** Opening Data to examine block **

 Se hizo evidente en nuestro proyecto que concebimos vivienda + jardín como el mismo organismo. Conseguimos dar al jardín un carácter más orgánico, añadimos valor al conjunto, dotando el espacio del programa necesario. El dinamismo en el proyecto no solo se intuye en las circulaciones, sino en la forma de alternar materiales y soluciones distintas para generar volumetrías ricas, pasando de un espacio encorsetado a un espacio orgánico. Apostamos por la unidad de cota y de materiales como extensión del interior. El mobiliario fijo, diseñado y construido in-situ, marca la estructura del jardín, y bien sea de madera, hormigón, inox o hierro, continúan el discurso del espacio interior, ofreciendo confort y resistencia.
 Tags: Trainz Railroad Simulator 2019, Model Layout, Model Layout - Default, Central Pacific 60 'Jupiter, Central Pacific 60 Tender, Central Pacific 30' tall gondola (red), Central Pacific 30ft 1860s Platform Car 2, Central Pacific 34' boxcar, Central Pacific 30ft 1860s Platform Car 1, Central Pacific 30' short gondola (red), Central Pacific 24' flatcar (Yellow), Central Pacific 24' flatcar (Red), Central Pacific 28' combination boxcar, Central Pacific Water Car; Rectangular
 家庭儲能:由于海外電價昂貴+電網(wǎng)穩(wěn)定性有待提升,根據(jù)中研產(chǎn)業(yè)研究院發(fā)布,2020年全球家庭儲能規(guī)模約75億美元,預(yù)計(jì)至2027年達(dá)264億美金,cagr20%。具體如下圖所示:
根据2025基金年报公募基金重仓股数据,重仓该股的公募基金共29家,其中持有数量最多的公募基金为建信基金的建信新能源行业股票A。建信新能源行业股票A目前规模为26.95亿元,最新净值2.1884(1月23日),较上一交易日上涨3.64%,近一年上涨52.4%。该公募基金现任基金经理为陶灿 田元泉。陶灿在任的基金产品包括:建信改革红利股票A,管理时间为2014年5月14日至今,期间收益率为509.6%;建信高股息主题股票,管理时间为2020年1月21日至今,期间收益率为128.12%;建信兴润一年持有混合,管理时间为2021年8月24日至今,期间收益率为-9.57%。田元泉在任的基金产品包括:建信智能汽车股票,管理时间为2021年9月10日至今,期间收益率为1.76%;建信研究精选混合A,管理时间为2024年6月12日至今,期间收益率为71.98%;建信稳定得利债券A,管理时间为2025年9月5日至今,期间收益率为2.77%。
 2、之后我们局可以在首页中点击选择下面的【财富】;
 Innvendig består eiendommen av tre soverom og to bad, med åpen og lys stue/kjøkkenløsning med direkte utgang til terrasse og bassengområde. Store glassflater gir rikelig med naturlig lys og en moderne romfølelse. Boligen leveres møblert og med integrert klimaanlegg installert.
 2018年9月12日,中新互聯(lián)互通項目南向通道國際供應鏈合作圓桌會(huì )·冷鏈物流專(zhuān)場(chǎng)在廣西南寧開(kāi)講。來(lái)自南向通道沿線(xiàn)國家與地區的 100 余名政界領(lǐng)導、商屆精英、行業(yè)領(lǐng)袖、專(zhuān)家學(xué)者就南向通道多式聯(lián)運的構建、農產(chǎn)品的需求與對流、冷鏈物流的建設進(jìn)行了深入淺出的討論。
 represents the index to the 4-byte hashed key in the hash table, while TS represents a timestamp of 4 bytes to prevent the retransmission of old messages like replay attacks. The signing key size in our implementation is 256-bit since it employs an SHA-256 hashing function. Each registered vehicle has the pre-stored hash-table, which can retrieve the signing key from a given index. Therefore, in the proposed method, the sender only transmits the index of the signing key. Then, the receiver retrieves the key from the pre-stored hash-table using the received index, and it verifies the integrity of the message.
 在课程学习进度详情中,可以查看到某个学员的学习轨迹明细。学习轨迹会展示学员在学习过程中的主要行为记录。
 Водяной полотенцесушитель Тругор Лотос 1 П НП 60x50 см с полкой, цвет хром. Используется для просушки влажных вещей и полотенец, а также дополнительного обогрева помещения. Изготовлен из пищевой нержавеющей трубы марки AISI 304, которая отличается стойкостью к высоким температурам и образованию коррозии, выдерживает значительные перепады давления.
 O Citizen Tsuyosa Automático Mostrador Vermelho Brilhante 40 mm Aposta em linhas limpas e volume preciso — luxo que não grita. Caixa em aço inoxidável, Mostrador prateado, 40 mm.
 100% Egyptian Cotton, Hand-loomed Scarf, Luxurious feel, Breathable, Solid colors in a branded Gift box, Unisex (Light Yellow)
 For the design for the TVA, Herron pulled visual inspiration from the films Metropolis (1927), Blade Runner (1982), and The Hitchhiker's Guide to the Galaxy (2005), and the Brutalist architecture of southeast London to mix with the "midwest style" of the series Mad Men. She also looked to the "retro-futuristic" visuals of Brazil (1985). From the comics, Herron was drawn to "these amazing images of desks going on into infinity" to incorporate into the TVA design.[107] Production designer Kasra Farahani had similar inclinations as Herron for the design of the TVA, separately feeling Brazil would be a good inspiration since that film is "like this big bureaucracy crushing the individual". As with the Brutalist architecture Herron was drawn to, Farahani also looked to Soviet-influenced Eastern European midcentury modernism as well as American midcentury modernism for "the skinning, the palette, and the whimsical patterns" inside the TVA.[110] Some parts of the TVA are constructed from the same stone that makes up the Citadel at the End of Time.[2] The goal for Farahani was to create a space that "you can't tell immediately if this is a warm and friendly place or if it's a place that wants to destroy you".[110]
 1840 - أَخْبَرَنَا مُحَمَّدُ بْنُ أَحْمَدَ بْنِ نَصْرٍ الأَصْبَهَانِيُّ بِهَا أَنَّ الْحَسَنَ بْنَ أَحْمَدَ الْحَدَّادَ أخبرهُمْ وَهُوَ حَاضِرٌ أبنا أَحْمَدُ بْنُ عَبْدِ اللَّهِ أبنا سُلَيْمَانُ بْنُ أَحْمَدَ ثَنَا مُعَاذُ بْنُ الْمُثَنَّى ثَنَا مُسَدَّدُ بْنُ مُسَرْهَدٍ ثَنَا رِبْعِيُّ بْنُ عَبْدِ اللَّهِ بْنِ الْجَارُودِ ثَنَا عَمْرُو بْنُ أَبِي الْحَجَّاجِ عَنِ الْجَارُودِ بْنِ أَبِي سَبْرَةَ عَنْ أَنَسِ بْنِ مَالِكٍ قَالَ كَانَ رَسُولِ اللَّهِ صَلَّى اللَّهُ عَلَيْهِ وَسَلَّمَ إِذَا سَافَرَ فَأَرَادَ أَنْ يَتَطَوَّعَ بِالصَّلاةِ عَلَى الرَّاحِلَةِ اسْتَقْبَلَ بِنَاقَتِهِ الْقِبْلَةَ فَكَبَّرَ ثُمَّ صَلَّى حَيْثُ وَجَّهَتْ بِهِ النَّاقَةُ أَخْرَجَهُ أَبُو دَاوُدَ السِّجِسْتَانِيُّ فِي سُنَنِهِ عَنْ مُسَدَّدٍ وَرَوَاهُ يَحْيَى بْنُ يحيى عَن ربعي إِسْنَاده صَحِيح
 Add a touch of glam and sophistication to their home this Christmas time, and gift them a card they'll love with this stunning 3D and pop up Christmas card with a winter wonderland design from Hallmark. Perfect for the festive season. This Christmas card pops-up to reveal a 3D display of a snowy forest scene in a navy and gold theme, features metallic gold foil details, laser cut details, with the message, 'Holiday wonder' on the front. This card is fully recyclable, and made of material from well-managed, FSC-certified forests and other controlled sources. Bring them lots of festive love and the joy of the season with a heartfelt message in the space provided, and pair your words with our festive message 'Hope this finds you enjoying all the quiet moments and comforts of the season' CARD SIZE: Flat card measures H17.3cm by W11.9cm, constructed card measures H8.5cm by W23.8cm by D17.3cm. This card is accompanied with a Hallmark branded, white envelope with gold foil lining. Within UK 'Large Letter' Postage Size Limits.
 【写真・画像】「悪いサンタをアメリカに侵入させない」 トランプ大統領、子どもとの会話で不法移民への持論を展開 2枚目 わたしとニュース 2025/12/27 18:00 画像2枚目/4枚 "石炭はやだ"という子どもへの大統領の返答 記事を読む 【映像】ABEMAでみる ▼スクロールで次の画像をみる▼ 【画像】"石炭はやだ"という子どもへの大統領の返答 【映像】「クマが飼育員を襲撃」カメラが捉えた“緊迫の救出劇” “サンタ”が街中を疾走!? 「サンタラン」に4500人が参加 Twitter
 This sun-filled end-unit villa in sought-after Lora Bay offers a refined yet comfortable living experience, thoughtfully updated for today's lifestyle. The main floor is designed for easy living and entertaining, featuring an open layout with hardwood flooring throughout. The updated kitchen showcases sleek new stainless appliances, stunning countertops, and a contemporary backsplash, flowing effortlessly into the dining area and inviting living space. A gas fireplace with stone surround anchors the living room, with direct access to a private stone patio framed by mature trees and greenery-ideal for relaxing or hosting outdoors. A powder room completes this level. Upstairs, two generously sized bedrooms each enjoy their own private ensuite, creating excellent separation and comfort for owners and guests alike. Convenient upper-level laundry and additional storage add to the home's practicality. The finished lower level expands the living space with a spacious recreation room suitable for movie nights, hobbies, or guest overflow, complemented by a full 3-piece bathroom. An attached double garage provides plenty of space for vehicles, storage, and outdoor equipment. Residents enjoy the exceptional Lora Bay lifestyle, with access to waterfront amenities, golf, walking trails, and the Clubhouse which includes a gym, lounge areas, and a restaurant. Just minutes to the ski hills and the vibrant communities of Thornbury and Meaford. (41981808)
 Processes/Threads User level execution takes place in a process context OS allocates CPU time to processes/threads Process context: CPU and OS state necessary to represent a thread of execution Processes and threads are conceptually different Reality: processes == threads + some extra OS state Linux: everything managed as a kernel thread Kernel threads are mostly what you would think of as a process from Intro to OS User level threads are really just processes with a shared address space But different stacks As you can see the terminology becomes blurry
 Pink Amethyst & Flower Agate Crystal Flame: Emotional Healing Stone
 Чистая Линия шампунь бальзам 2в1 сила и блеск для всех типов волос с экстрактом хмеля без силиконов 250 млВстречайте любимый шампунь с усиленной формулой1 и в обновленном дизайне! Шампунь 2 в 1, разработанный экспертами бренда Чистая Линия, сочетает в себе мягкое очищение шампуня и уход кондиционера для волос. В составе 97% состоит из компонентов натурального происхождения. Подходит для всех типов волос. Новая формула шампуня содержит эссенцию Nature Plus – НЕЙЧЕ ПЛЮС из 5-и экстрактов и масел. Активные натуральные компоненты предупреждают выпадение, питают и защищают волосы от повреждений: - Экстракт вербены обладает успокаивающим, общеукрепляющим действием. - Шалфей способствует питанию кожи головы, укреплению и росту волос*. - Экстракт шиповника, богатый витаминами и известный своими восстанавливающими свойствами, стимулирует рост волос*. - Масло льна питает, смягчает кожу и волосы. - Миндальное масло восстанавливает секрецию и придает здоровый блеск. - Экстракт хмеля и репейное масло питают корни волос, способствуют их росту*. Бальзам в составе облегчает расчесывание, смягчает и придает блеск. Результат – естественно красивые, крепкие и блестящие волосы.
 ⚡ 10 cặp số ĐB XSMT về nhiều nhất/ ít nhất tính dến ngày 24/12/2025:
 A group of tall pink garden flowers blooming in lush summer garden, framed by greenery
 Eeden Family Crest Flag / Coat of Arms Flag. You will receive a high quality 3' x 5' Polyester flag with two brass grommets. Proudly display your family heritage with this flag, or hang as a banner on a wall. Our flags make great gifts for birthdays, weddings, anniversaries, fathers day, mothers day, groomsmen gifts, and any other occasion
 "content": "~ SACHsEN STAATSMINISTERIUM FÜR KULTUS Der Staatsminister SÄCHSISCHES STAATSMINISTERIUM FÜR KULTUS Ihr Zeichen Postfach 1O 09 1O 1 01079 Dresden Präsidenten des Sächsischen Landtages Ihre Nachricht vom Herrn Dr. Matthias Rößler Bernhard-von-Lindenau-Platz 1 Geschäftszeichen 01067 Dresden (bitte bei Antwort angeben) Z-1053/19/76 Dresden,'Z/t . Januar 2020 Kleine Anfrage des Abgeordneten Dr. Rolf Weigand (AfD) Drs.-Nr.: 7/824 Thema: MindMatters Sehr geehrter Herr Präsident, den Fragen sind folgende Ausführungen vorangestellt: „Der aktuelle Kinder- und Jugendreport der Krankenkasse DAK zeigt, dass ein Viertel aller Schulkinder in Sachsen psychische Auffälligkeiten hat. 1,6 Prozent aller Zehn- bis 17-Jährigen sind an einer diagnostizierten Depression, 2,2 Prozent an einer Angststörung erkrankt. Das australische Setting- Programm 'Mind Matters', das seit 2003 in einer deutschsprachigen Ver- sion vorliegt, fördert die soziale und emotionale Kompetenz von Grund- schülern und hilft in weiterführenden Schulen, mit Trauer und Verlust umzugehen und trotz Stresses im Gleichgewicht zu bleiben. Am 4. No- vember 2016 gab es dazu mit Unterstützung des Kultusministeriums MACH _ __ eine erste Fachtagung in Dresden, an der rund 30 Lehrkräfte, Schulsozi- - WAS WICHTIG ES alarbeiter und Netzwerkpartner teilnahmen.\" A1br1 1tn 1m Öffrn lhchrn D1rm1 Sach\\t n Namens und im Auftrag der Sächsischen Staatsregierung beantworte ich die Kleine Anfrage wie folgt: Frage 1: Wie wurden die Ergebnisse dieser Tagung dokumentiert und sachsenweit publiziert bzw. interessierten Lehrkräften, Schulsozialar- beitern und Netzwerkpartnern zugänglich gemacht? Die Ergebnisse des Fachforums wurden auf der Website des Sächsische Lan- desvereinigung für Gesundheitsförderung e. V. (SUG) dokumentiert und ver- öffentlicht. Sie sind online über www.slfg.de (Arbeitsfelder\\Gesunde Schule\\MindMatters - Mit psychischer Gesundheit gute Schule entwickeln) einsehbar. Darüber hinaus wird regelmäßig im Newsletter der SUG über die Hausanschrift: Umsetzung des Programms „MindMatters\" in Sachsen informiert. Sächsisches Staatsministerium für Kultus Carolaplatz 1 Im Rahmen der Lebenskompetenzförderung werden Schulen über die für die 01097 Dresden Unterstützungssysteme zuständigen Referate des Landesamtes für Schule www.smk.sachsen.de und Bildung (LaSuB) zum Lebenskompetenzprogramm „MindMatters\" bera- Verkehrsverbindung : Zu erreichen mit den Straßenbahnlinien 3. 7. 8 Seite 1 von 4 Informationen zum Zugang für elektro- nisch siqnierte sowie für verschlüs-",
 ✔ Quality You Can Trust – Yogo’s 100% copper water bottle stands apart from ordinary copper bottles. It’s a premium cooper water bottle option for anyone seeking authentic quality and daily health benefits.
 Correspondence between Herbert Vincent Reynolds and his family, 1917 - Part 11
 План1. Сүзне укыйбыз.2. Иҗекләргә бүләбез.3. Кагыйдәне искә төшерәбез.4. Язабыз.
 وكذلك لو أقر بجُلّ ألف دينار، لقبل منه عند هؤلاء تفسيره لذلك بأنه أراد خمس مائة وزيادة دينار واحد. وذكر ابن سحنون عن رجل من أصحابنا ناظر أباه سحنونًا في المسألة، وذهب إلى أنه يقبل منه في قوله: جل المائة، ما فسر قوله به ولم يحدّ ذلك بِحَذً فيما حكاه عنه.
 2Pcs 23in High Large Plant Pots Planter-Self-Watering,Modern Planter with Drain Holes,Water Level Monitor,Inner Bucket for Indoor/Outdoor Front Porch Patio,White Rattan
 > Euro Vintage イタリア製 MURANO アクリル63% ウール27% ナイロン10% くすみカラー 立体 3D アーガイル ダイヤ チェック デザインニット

** Closing Data to examine block **

Problem description: Report how many lines of the entries hold the word "quality". Nothing else is needed.

Response for this exercise: 2